Hopanoids
Hopanoids are a diverse subclass of triterpenoids with the same hydrocarbon skeleton as the compound hopane. This group of pentacyclic molecules therefore refers to simple hopenes, hopanols and hopanes, but also to extensively functionalized derivatives such as bacteriohopanepolyols and hopanoids covalently attached to lipid A.
The first known hopanoid, hydroxyhopanone, was isolated by two chemists at The National Gallery, London working on the chemistry of dammar gum, a natural resin used as a varnish for paintings. While hopanoids are often assumed to be made only in bacteria, their name actually comes from the abundance of hopanoid compounds in the resin of plants from the genus Hopea. In turn, this genus is named after John Hope, the first Regius Keeper of the Royal Botanic Garden, Edinburgh.
Since their initial discovery in an angiosperm, hopanoids have been found in plasma membranes of bacteria, lichens, bryophytes, ferns, tropical trees and fungi. Hopanoids have stable polycyclic structures that are well-preserved in petroleum reservoirs, rocks and sediment, allowing the diagenetic products of these molecules to be interpreted as biomarkers for the presence of specific microbes and potentially for chemical or physical conditions at the time of deposition. Hopanoids have not been detected in archaea.
Biological function
About 10% of sequenced bacterial genomes have a putative shc gene encoding a squalene-hopene cyclase and can presumably make hopanoids, which have been shown to play diverse roles in the plasma membrane and may allow some organisms to adapt in extreme environments.Since hopanoids modify plasma membrane properties in bacteria, they are frequently compared to sterols, which modulate membrane fluidity and serve other functions in eukaryotes. Although hopanoids do not rescue sterol deficiency, they are thought to increase membrane rigidity and decrease permeability. Also, gammaproteobacteria and eukaryotic organisms such as lichens and bryophytes have been shown to produce both sterols and hopanoids, suggesting these lipids may have other distinct functions. Notably, the way hopanoids pack into the plasma membrane can change depending on what functional groups are attached. The hopanoid bacteriohopanetetrol assumes a transverse orientation in lipid bilayers, but diploptene localizes between the inner and outer leaflet, presumably thickening the membrane to decrease permeability.

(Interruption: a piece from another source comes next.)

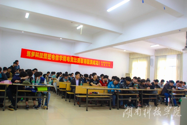 本网讯(通讯员 刘俊雄 吴清燕)4月8日下午,由电子与信息工程学院主办的英雄联盟电子竞技比赛在知行楼404和405机房举行。

The hopanoid diplopterol orders membranes by interacting with lipid A, a common membrane lipid in bacteria, in ways similar to how cholesterol and sphingolipids interact in eukaryotic plasma membranes. Diplopterol and cholesterol were demonstrated to promote condensation and inhibit gel-phase formation in both sphingomyelin monolayers and monolayers of glycan-modified lipid A. Furthermore, both diplopterol and cholesterol could rescue pH-dependent phase transitions in glycan-modified lipid A monolayers. The role of hopanoids in membrane-mediated acid tolerance is further supported by observations of acid-inhibited growth and morphological abnormalities of the plasma membrane in hopanoid-deficient bacteria with mutant squalene-hopene cyclases.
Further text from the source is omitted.